『かくれさごこけし』/岩隣明来人

「もういいかい」と、高く弾む声が古い日本家屋の中に響き、そして染みるように消えていく。外では大粒の雨が落ちている。海馬少年は大黒柱に顔を俯せたまま言った。しかし相手からの返事はない。彼はこけしとかくれんぼをしているのである。海馬少年には人間の友達がいない。彼は無邪気な顔と高く弾む声を持つ少年だが、同時に相応の年に似つかわしくない憂いをおびているのだ。子どもはその異様な性質に敏感なのか誰一人海馬少年に近寄ろうとはしない。事実大人も彼の異様さには敬遠していた。
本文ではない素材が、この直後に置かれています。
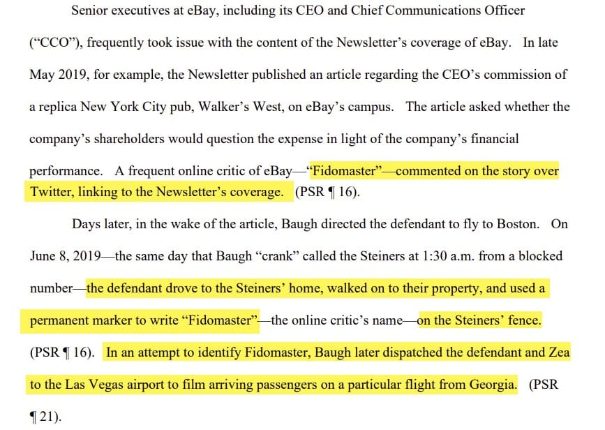 He even went so far as to create a fake Twitter account purporting to be a disgruntled ex-eBay employee who claimed to have damning video evidence of execs behaving badly in a failed attempt to draw out unsuckEBAY and establish a connection to the Steiners.

そんな海馬少年にただ一人付き添っているのがあのこけしである。ミズキから彫られた白い肌が美しい鳴子のこけしである。少年の母親が形見として海馬少年に与えたものであるが、本人はそのことを知らない。父親は社の宗家として多忙な立場にあり、海馬少年と接する機会は殆どなかった。故に今ではこけしだけが家族であり、唯一の友達である。軈て陽が照り付けるようになり、青い空を映す水溜りも徐々に消えていった。
海馬少年は空が晴れると林の方へこけしを持って走っていく。先程まで降った雨が泥を含んでどす黒くなり何処かへ流れていった。少年は林の中を深く進んでいき、そして一本の大木の前で止まりこけしを置く。すぐに少年は大木に顔を俯せ数え始める。「もういいかい」と、少年の澄んだ声が林を抜けて何処かへ消える。すると不思議なことに地べたに置いた筈のこけしが姿を消した。少年が付近の叢をかき回すとこけしが姿を現した。また少年が数えるとこけしは再び姿を晦ました。今度は中々見つけられない。少年が楽しそうに空を仰ぐと、大木の枝の上にこけしが乗っていた。「みいつけた」という少年の弾んだ声が麓の人々の耳に届く頃には夕焼けが広がっていた。人々は海馬少年がこけしとかくれんぼをしていることを知っており、「かくれさごこけし」という名前をつけたのだった。